Paris has long been associated with luxury trades and high fashion, a centralization that paralleled that of French culture and government. In her study of Paris fashion and “myths concerning Paris’s unquestionable and innate refinement and elegance” in literature and art, Valerie Steele argued that Paris had been the symbolic center in the “geography of fashion” based on its “knowledgeable fashion performers and spectators” or ability to stage fashion. This article considers how Paris has served as the stage for fashion, as well as being one of its actors, from the nineteenth century. But long before this time, there was an exchange and dialogue of emulation between Paris and other world cities, illustrated, for example, by fashion dolls sent between royal courts and, in the late eighteenth century, by the French corporation of marchandes de modes. The revolution led to the end of the Ancien Régime in 1789 and, over the course of the nineteenth century, the country underwent many structural changes. It also incited a heightened sense of country and nationalism, with Paris at the center in terms of politics and culture. And despite changes to the fashion system, the label of fashion capital is still attached to Paris, in France and abroad.

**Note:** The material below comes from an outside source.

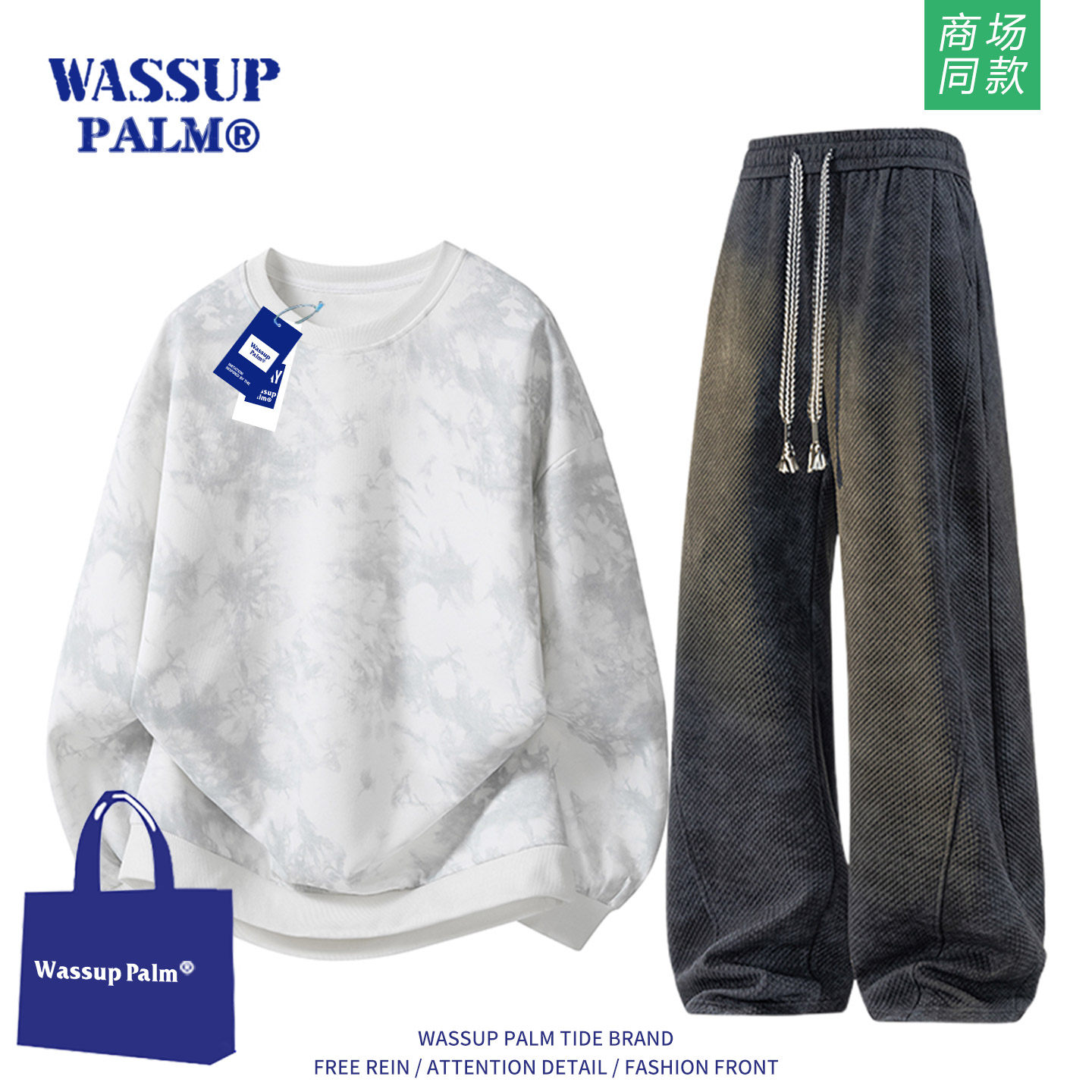 淘宝WASSUP PALM运动服套装男款2025新款春秋圆领扎染卫衣长裤两件套

In their accounts of the fashion system, scholars often refer to a “geography of emulation,” in which, according to David Gilbert, “elite fashion was simultaneously metropolitan fashion … The archetypal example was the couture system, which projected Paris as world fashion’s central place.” The establishment of haute couture, a system of designer-led, made-to-measure clothing production, accompanied the emergence of the bureaucratic political system of the nineteenth century. The system is illustrated by the work of London-trained Charles Frederick Worth, who established his own atelier in Paris in 1859. Worth began designing and selling his own garments, as opposed to the standard process in which the client chose the cut, fabric, and trimmings from several craftsmen. Mirroring the aura that surrounded certain dressmakers and marchandes de modes, the couturier became imbued with the value of creative genius. A new hierarchy was put in place, enforced by the Paris-based Chambre syndicale de la confection et de la couture pour dames et fillettes. Created in 1868, this trade syndicate organized members and events, and legislated the workings of the fashion industry. Worth’s atelier also illustrated new methods of marketing and promotion that foreshadowed the contemporary system, including the presentation of sosies, or mannequins, in his salon to showcase his garments. Jacques Doucet, another couturier who opened his house in the 1870s, also fashioned himself as a French artist. These and other efforts served to equate Parisian couture to a form of creative high art, thus crystallizing the city’s reputation as the foremost fashion capital where trends were created and disseminated elsewhere.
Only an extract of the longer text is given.